Amazon has announced its new storage service Zocalo aimed right at the enterprise market. This is notable because Amazon has served as the backbone of the file storage industry for the last five years. Simple APIs coupled with massive storage capabilities and extremely competitive pricing resulted in Amazon becoming a central pillar in the design of many cloud based and hybrid storage systems. This is a subject close to my heart because I’ve spent significant amounts of time mucking around in their ecosystem and have my own storage product built on top of it called SenderDefender. When I first saw the article the first thought I had was, “great, more competition” but in reality what we have is more of the same.

Companies that leverage systems like Dropbox, Box, or now Zocalo are making a mistake. They are ceding complete control of their data to a third party, and in exchange for inexpensive and accessible storage are opening themselves up to a host of insider threats. A few months ago I gave a talk on insider threats in a military setting, and there is a common misconception that the term only applies to the employees within an organization. The reality is that it applies to the employees within every organization that you interface with. When you leverage services like Amazon’s Zocalo offering you are dramatically increasing the attack surface of your company.

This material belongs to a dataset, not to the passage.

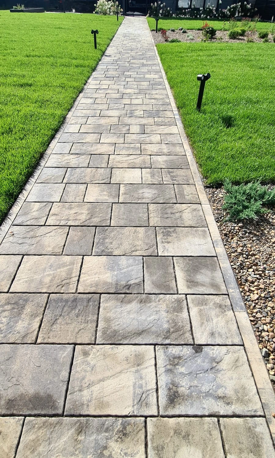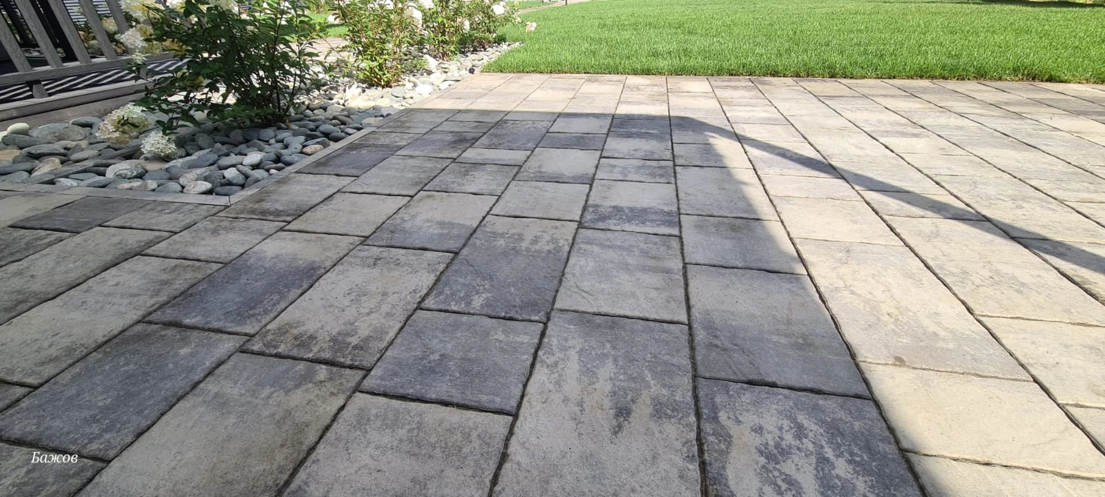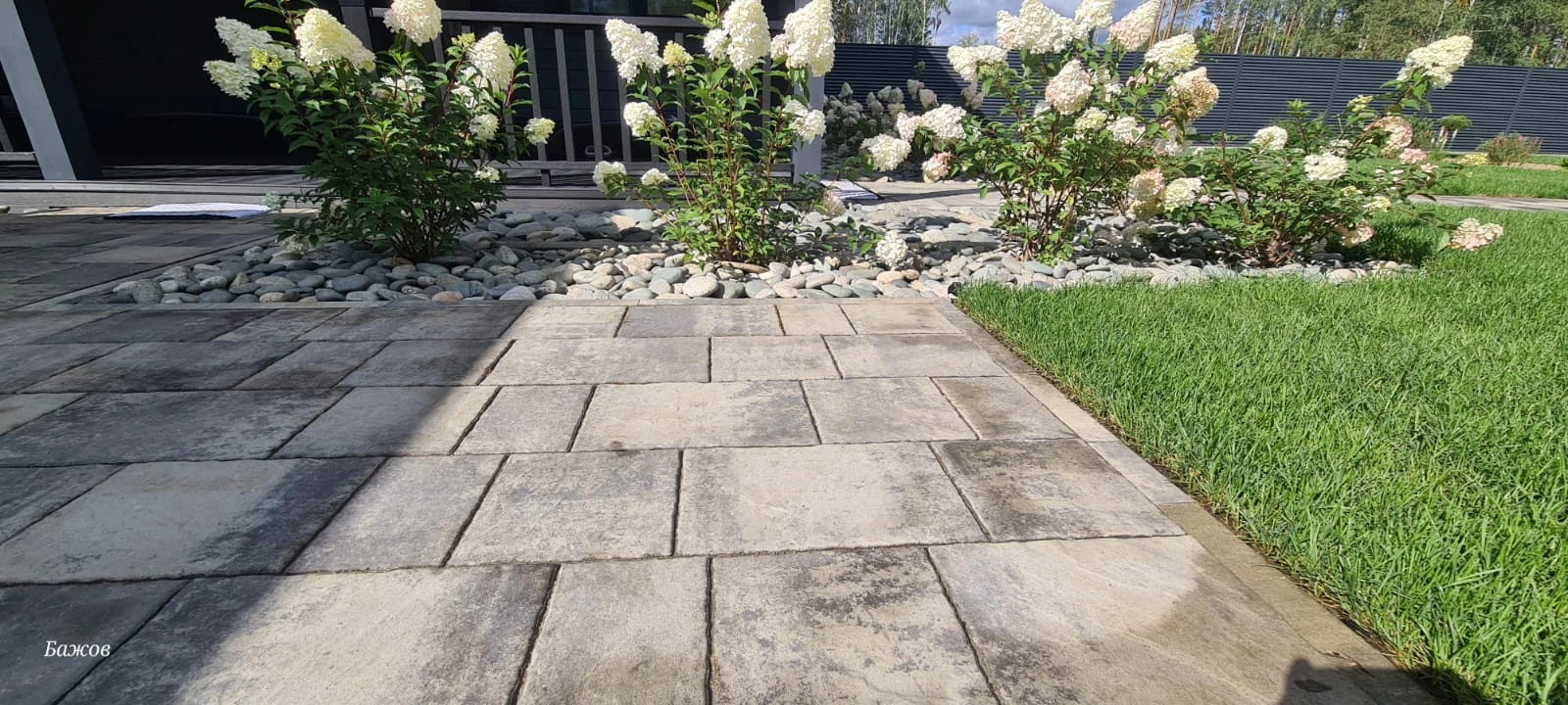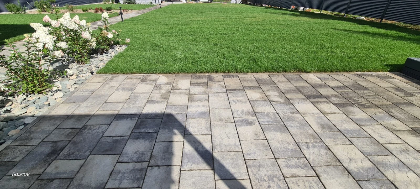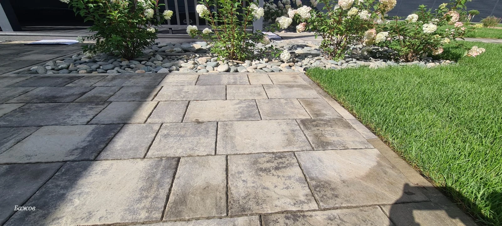 На фотографиях плитка только после кладки, швы засыпаны песком и пролиты водой для более плотной усадки песка. После высыхания и подметения брусчатка приобретает естественный товарный вид. Зоны без травы в дальнейшем усажены цветами и газоном.

The attack surface is a nebulous security phrase, but it boils down to the idea that the more systems, components, and people who have access to your internal data the less secure you ultimately are. Now, in addition to worrying about the disgruntled former employee, you need to worry about Amazon’s disgruntled employees, and Dropbox’s, etc. There is an amplification effect at play that results in a greater chance for corporate espionage and data theft. These are very real issues, that target American corporations and individuals in the form of identity theft and fraud every single day. People are all too willing to exchange convenience and cost for security. The weakest link is always the person with the most access, and the most to gain from a security breach.

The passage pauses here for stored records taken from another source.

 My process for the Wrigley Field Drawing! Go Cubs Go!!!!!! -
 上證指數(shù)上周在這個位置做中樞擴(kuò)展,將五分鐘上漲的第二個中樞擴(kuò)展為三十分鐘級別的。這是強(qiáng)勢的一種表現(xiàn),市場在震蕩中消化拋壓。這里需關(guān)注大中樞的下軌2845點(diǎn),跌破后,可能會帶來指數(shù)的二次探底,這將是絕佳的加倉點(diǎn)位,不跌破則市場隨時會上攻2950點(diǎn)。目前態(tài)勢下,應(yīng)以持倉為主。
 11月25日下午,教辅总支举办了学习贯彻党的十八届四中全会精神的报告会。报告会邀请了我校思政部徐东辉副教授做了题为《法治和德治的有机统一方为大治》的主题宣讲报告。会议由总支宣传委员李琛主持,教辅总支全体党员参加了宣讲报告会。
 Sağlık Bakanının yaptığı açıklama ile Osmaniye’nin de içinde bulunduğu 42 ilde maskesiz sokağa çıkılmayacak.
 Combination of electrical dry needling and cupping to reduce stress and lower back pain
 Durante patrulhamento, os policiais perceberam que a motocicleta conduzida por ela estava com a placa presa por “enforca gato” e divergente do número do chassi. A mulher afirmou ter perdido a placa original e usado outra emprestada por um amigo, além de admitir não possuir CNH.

Now as a small business owner or individual you may think this doesn’t apply to you, that you aren’t a target, that nobody is interested. The reality is quite different. Your data is commingled with thousands of other companies on shared servers. Someone could be targeting SSN or credit card numbers, maybe they are just grabbing all word documents, or files that include actionable intelligence. They can do mass collection and sweeping where your data is just collateral damage. Numerous companies have already been compromised because of the lacks data security policies of most cloud service providers. I haven’t even started talking about Google Drive and Microsoft one drive, both of which have a similarly atrocious security policy. They have a vested interest in being able to read your data, the advertising business model depends on it.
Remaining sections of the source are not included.